▸ ASSIGNED TASK: An exact copy is needed of the lines in the entries below from the line with "Jollybaby Sensory Touch" up to and including the line with "Vol.22)アリタ【2023年版】(表札総合カタログWELNA Vol.21) |", and of nothing else. Leave the pictures out.

*** DATA TO PROCESS Section Begins ***

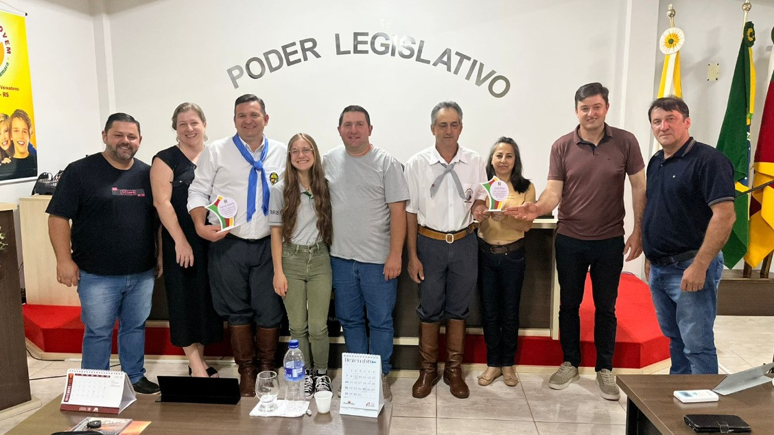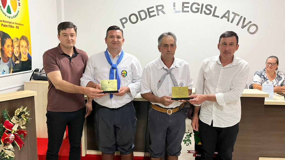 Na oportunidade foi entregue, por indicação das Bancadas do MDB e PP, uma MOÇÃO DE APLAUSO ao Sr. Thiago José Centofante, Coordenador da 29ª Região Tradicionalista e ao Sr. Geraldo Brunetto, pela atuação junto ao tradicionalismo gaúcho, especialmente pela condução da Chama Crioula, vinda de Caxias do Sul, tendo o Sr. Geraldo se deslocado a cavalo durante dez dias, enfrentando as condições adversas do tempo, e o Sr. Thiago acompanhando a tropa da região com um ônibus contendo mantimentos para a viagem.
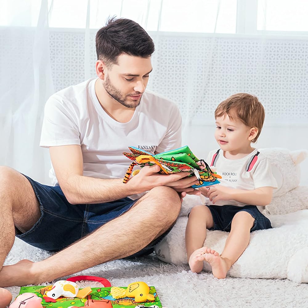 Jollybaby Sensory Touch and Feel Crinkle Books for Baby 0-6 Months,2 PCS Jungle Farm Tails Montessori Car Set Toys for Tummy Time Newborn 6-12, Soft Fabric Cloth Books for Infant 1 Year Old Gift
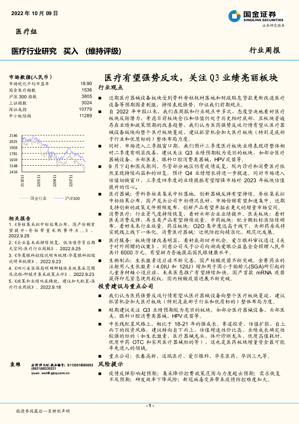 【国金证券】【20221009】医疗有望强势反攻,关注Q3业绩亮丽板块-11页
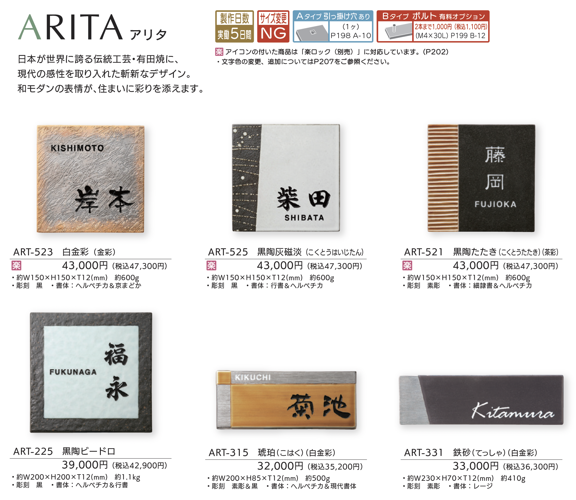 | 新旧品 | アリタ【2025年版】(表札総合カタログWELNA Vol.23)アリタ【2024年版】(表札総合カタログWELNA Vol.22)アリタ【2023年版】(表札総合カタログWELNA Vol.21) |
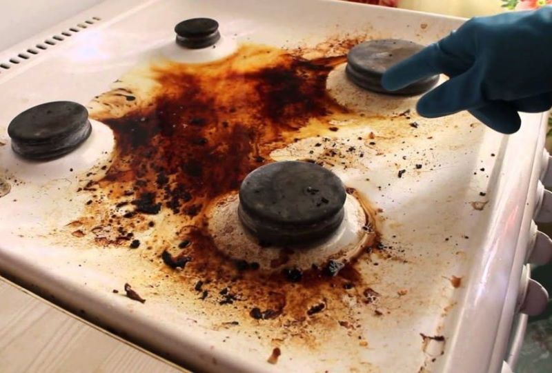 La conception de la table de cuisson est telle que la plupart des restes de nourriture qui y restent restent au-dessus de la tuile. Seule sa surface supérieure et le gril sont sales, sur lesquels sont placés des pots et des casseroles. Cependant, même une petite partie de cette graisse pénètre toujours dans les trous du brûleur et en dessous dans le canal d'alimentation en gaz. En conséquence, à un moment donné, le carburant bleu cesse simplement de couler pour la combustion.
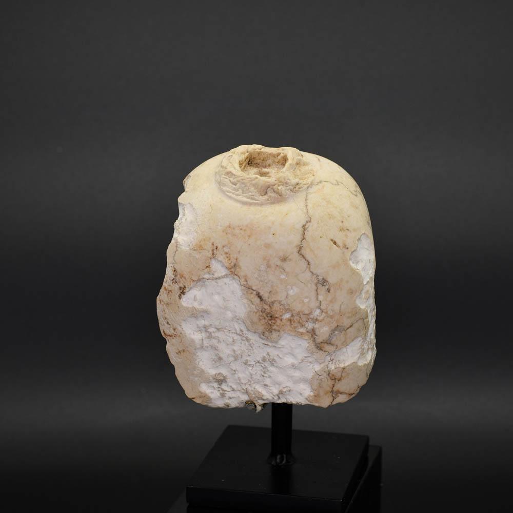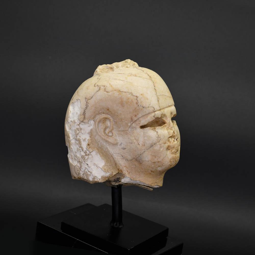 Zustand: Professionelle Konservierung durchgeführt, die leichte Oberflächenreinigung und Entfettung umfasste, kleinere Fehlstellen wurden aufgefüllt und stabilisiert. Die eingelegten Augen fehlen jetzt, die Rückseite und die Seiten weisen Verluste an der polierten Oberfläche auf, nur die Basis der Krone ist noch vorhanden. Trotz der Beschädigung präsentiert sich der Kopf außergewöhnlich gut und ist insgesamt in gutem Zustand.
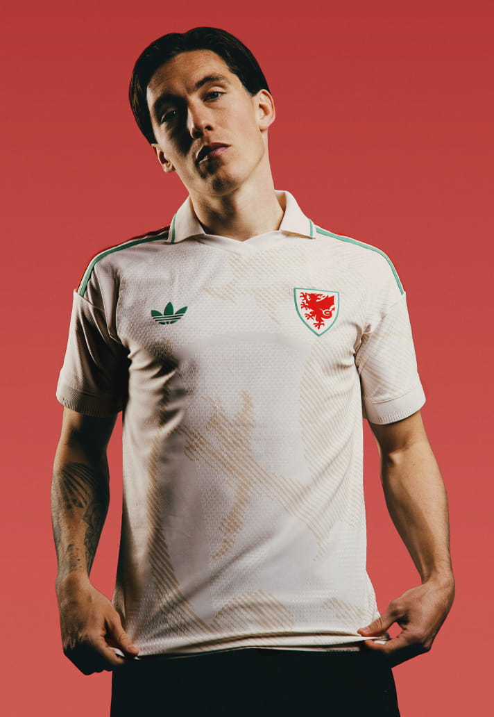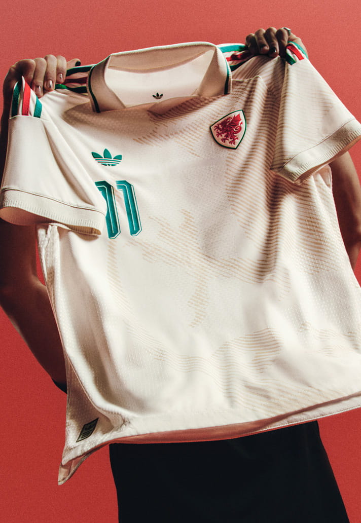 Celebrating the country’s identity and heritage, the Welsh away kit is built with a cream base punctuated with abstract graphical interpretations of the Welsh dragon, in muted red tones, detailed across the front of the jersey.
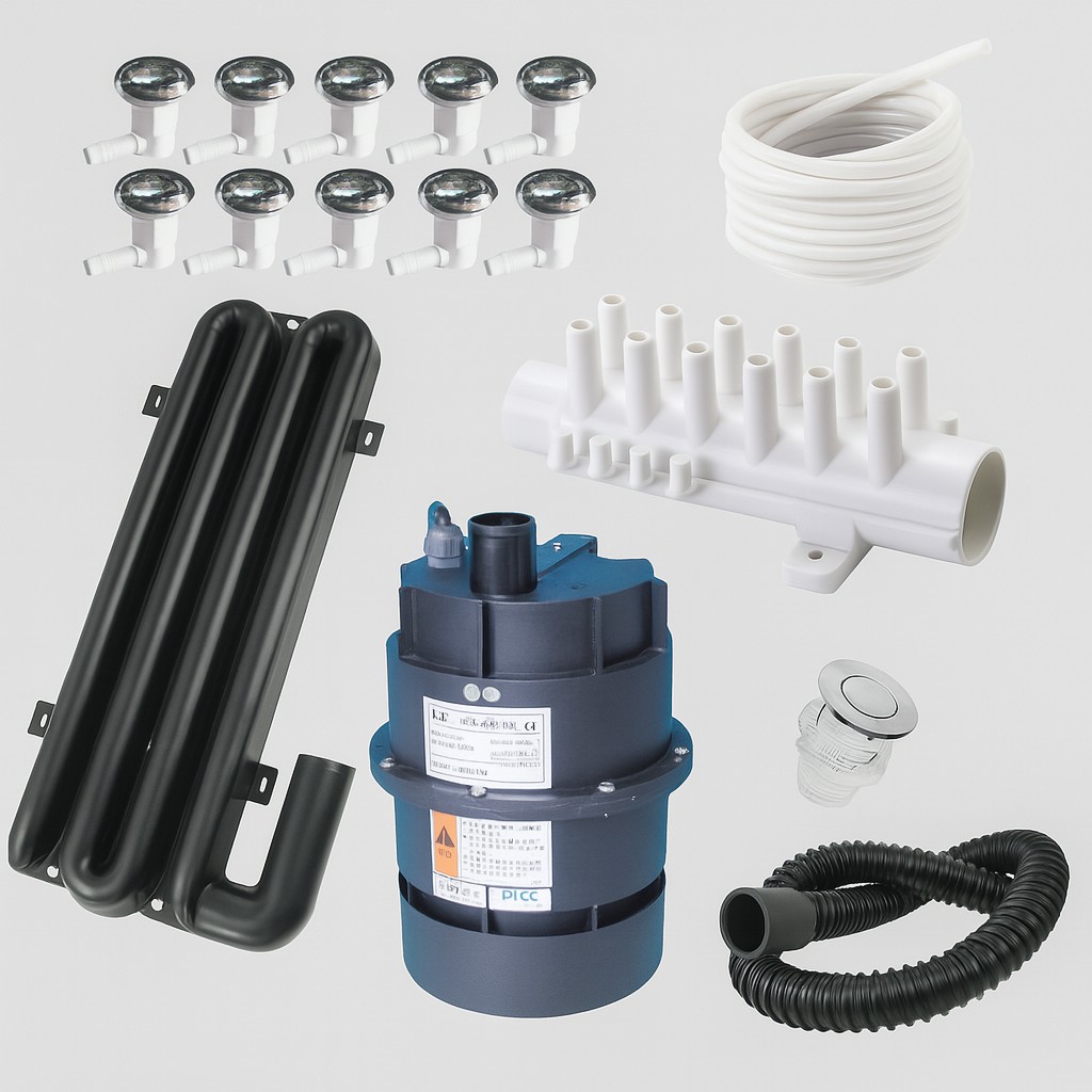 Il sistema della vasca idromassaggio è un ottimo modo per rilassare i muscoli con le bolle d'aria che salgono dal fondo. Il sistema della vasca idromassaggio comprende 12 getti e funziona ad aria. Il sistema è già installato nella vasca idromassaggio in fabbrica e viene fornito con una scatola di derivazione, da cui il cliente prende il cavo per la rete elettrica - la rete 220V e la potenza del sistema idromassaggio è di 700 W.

*** DATA TO PROCESS Section Ends ***
*** DATA TO PROCESS Section Begins ***

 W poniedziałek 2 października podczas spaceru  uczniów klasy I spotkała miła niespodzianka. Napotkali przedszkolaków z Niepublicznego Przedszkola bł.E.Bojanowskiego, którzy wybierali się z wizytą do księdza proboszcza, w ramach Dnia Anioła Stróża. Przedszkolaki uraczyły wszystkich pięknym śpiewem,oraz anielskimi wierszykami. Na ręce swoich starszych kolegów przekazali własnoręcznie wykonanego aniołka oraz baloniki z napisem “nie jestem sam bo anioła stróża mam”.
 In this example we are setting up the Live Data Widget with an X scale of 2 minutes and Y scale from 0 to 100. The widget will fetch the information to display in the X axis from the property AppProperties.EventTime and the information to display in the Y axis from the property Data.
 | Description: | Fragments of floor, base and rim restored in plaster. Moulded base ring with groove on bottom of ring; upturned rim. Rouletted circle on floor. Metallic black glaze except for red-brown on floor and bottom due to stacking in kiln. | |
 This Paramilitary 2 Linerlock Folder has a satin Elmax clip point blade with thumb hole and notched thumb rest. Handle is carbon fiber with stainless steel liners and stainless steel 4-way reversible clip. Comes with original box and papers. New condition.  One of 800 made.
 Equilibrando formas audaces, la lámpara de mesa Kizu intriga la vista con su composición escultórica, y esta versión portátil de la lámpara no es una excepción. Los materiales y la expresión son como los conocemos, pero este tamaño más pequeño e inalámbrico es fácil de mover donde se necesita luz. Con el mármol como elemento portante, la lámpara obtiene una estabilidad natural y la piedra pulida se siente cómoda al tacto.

*** DATA TO PROCESS Section Ends ***

▸ SOLUTION FOR THIS PROBLEM:
 Jollybaby Sensory Touch and Feel Crinkle Books for Baby 0-6 Months,2 PCS Jungle Farm Tails Montessori Car Set Toys for Tummy Time Newborn 6-12, Soft Fabric Cloth Books for Infant 1 Year Old Gift
 【国金证券】【20221009】医疗有望强势反攻,关注Q3业绩亮丽板块-11页
 | 新旧品 | アリタ【2025年版】(表札総合カタログWELNA Vol.23)アリタ【2024年版】(表札総合カタログWELNA Vol.22)アリタ【2023年版】(表札総合カタログWELNA Vol.21) |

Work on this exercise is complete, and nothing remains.